Part 1 – Capture | Part 2 – Manage | Part 3 – Connect | Part 4 – Enhance | Part 5 – Find | Part 6 – Create
Find
Finding information, especially when spread around a bunch of applications as I’ve done here, can be a challenge. I didn’t put everything into this section (it should include Roam, Obsidian, Dropbox, Zotero, my mind map apps and probably more) because everything I use has some sort of search functionality in it, though I probably should have included Roam with Evernote, because it’s getting to have enough stuff in it these days to provide useful content for my searches. Anyway, all of the services I use have some kind of search function and I could use them all to find information, but the ones I find myself using most often are GDrive and Evernote (+Roam).
Google Drive is my second brain. I use Dropbox as a storage mechanism for stuff like my paystubs, contracts, great photos that I want to be able to post on FB at will, archived manuscripts and other things that are useful, maybe, but not *used* right now. Google Drive, on the other hand, has the stuff I’m doing now sort of organized in the PARA style, as made famous by Building A Second Brain. What I did to start off was I created 4 folders in my GDrive, Projects, Areas, Resources, and Archives and then just moved everything into Archives.

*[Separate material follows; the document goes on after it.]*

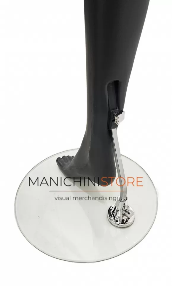Il manichino è fornito di una base tonda in vetro temperato del diametro di 34 cm con attacco al polpaccio che consente di indossare le calzature e di terminale collo dello stesso materiale.

As I need stuff, I’m finding it there and moving it into the appropriate other folder, based on whether it’s an area of my life that I have responsibility for, a resource that I need to support my work/personal life or a project that I’m actively working on. It’s sort of like a just-in-time organizational system and despite my 2 years of grad school education on how to organize unknown materials in advance, I’m digging it.
The other option here is Evernote (+Roam) where the majority of my notes live. I’ve been an Evernote user since April 24th, 2008, apparently and I have a TON of resources, notes, ideas, project files, archives, and more in there right now that I’m not going to move. I check there first if I’m looking for specific information or information about wine labels, recipes or any of the other things I’ve used Evernote to store in the past. I’m getting a good enough collection of info in Roam these days that I head there next when I need to find info for a project or document or whatever I’m working on. That brings up the big complaint I have about my tech stack…
It’s fragmented and duplicated and more difficult to manage than it should be. There is no one app to rule them all and there is no good way to seamlessly connect all of them into a cohesive whole that can be searched and used without having to check a number of different apps. I try to mitigate this by using my note-taking app as my “home base”. I put my mind maps and other documents that I create outside of my note-taking app into that app as soon as I can, so that the info is there when I go searching, but it’s not always easy to do that. Videos, huge PDF files and other formats of information aren’t a good fit for a note, so that’s where the GDrive backup brain comes in. Linux, at least when it was new, had a philosophy of no big do-it-all apps. You should collect a number of small, one-task applications that you can pipe together to make any number of useful commands and this is sort of how I’m feeling about my tech stack today. It’s not as easy to pipe things together as it should be (though see my comments about IFTTT and Zapier in a previous post) and that’s a problem, but it’s one that may get fixed, either by an app that *does* rule them all or by better Internet functions that allow you to move data from one app to another in easy-to-create ways.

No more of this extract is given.